Lower-than-expected sales and margins have caused apparel retailer Aeropostale to expect a larger loss than its earlier second-quarter guidance, the company announced today.
Aeropostale now expects its second-quarter loss to be between $0.42 and $0.44 per share. Its original second-quarter guidance had its losses in the $0.15 to $0.20 per share range.
The greater losses came about, the company said, partly because of additional charges totaling approximately $0.19 per share, which included a lower-than-expected tax benefit, store asset impairment charges, and retirement features of its stock-based compensation plan.
There was also a decrease in net sales by 6% to $454 million, and comparable sales decreased by 15% for the quarter, compared to the same period last year.
CEO Thomas P. Johnson said in the company's statement, "During the second quarter, we continued to experience the challenging trends we faced in the first quarter.
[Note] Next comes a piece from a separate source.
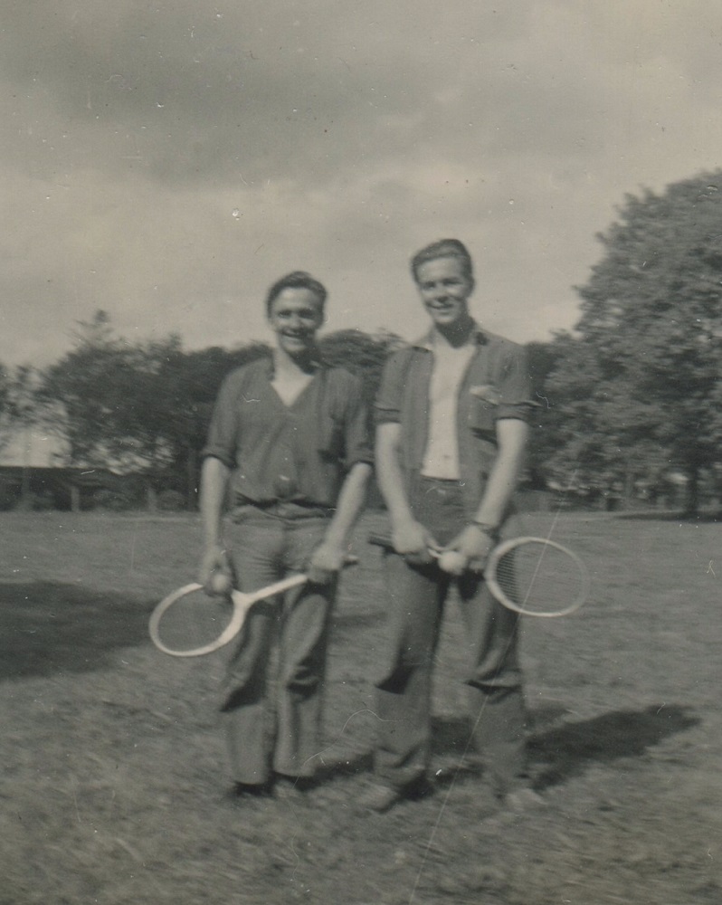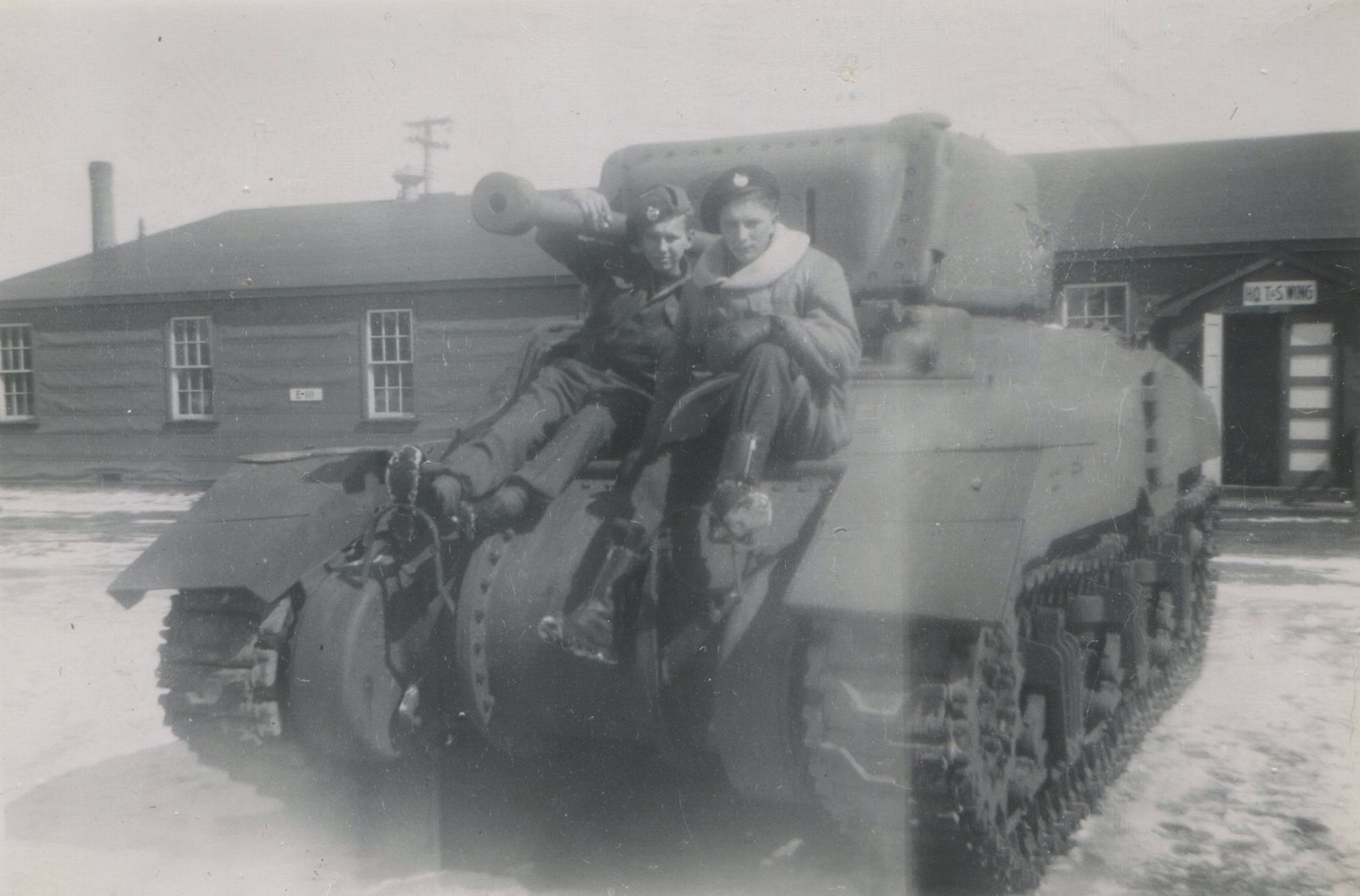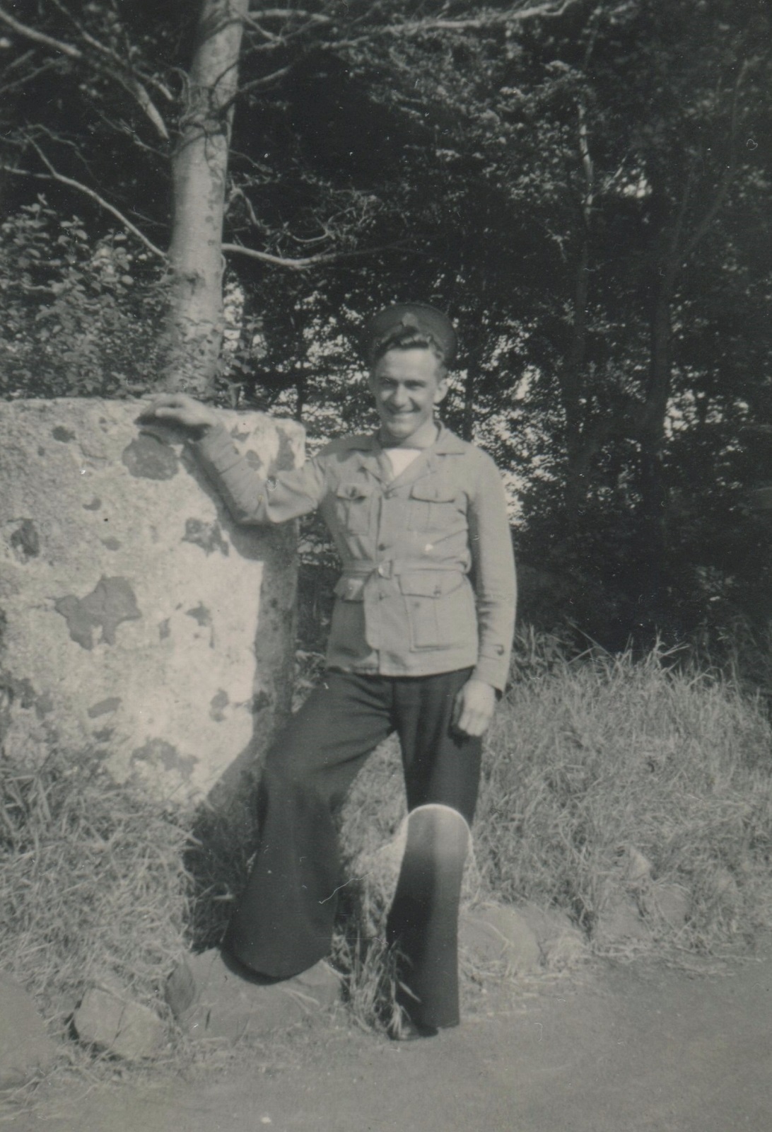 (JM22) Back: Watson, John Marklinger, Mackenzie - Front: Marshall, Douglas - Location unknown (JM23) Douglas, John Marklinger, Watson, Fiedler at the Northern Ireland border crossing (JM24) Back: Craig and Fiedler - Front: May and Macpherson (JM25) Back: Blake, John Marklinger, Craig, West, Bell - Front: Fiedler, Davidson (JM26) Bedwell standing jetty sentry - location unknown (JM27) Unidentified sailor in a mess deck on HMCS NEW GLASGOW (JM28) Newman

Our performance was driven by an increase in promotional activity as we navigated through balancing our assortment, weak traffic trends and a challenging retail environment, particularly during the July selling period." The teen-oriented-clothing retailer had to mark down more clothing.
Aeropostale expects to announce its second-quarter earnings on Thursday, Aug. 22.
Back-to-school is the second-biggest shopping period of the year after the holiday season and so far it is off to a rocky start for teen retailers. On Tuesday, Aeropostale rival American Eagle Outfitters slashed its second-quarter earnings outlook because of weak sales during the April-to-June quarter.
-- Material from The Associated Press was used in this report.